◆ Task description
If an entry holds a picture, leave that picture out and reproduce everything else exactly.

Start of Extracted entries

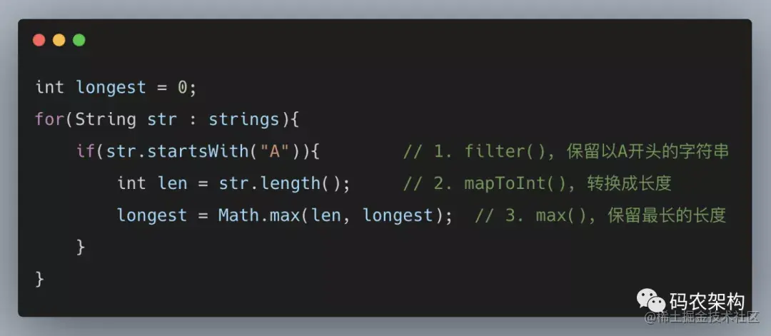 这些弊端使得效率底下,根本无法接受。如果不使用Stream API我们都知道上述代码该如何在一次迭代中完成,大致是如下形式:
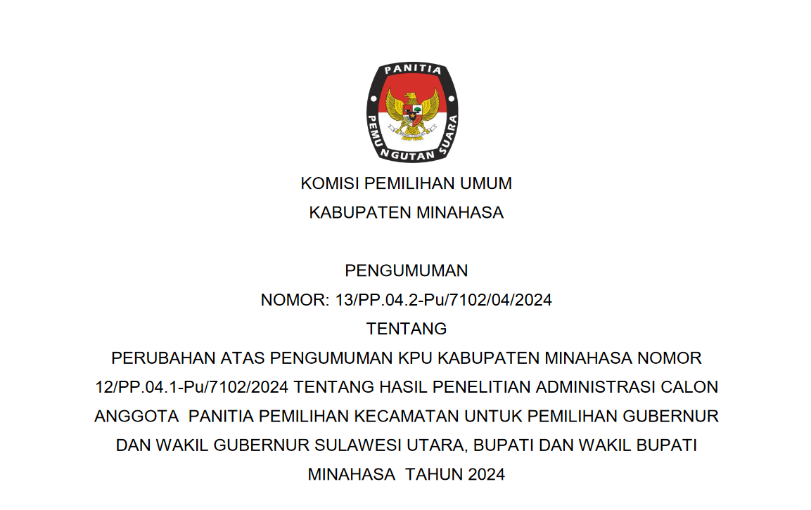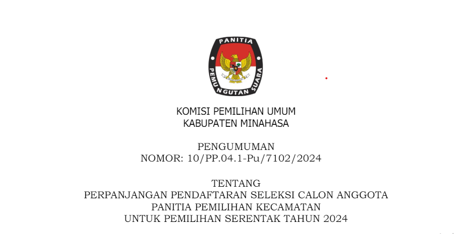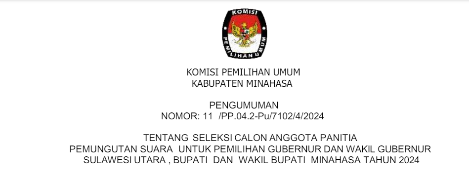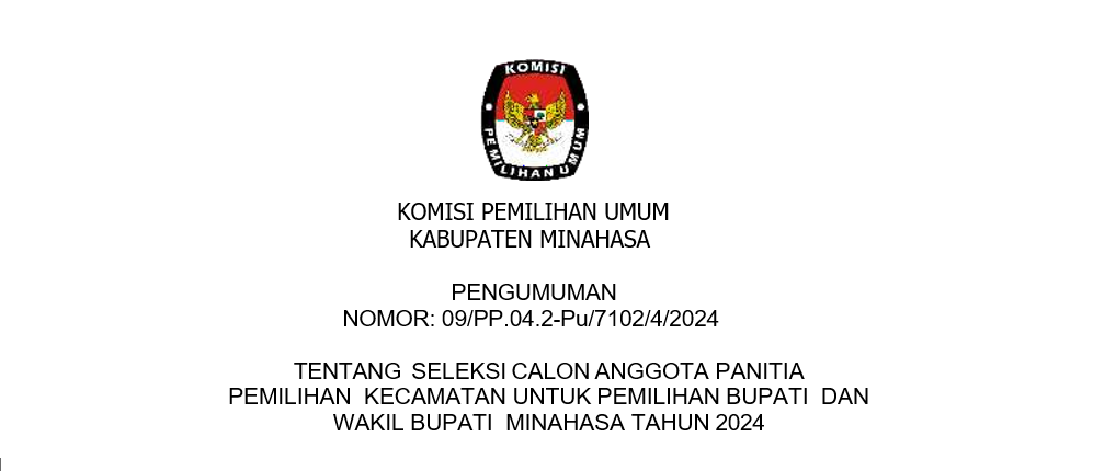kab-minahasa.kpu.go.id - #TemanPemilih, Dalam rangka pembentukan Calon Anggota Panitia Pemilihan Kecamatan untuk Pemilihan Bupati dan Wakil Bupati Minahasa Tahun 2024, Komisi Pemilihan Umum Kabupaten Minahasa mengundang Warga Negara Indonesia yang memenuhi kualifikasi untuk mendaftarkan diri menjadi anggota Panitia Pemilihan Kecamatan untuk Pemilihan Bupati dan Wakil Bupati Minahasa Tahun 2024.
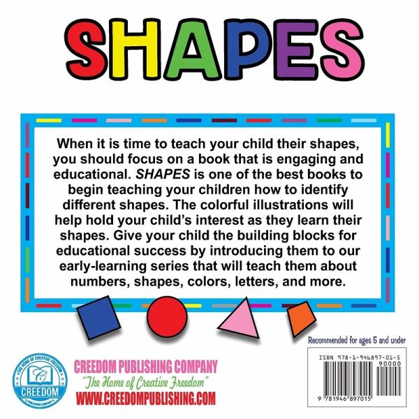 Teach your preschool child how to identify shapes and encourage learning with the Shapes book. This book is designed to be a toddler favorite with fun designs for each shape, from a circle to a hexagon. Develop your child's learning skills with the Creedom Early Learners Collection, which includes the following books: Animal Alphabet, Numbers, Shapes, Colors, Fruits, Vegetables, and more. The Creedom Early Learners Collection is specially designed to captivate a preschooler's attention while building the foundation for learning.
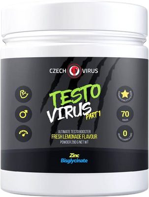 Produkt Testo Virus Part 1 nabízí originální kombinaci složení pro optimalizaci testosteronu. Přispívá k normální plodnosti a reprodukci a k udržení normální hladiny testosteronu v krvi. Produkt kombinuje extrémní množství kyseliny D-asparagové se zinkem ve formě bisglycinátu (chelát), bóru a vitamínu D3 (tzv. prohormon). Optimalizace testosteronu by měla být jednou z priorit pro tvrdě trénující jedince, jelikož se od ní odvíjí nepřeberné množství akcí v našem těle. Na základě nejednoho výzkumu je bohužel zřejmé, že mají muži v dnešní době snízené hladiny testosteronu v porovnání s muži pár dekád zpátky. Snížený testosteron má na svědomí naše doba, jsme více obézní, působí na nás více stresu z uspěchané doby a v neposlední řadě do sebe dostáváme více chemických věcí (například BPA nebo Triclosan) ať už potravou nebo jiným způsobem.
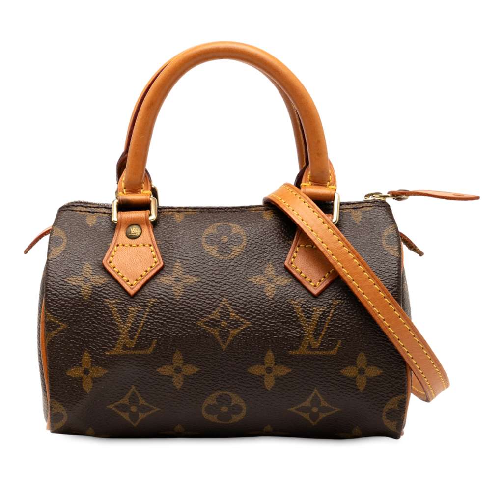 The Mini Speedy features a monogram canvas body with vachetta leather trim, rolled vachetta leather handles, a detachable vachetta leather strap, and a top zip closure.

End of Extracted entries

◆ Output for this exercise
 这些弊端使得效率底下,根本无法接受。如果不使用Stream API我们都知道上述代码该如何在一次迭代中完成,大致是如下形式:
kab-minahasa.kpu.go.id - #TemanPemilih, Dalam rangka pembentukan Calon Anggota Panitia Pemilihan Kecamatan untuk Pemilihan Bupati dan Wakil Bupati Minahasa Tahun 2024, Komisi Pemilihan Umum Kabupaten Minahasa mengundang Warga Negara Indonesia yang memenuhi kualifikasi untuk mendaftarkan diri menjadi anggota Panitia Pemilihan Kecamatan untuk Pemilihan Bupati dan Wakil Bupati Minahasa Tahun 2024.
 Teach your preschool child how to identify shapes and encourage learning with the Shapes book. This book is designed to be a toddler favorite with fun designs for each shape, from a circle to a hexagon. Develop your child's learning skills with the Creedom Early Learners Collection, which includes the following books: Animal Alphabet, Numbers, Shapes, Colors, Fruits, Vegetables, and more. The Creedom Early Learners Collection is specially designed to captivate a preschooler's attention while building the foundation for learning.
 Produkt Testo Virus Part 1 nabízí originální kombinaci složení pro optimalizaci testosteronu. Přispívá k normální plodnosti a reprodukci a k udržení normální hladiny testosteronu v krvi. Produkt kombinuje extrémní množství kyseliny D-asparagové se zinkem ve formě bisglycinátu (chelát), bóru a vitamínu D3 (tzv. prohormon). Optimalizace testosteronu by měla být jednou z priorit pro tvrdě trénující jedince, jelikož se od ní odvíjí nepřeberné množství akcí v našem těle. Na základě nejednoho výzkumu je bohužel zřejmé, že mají muži v dnešní době snízené hladiny testosteronu v porovnání s muži pár dekád zpátky. Snížený testosteron má na svědomí naše doba, jsme více obézní, působí na nás více stresu z uspěchané doby a v neposlední řadě do sebe dostáváme více chemických věcí (například BPA nebo Triclosan) ať už potravou nebo jiným způsobem.
 The Mini Speedy features a monogram canvas body with vachetta leather trim, rolled vachetta leather handles, a detachable vachetta leather strap, and a top zip closure.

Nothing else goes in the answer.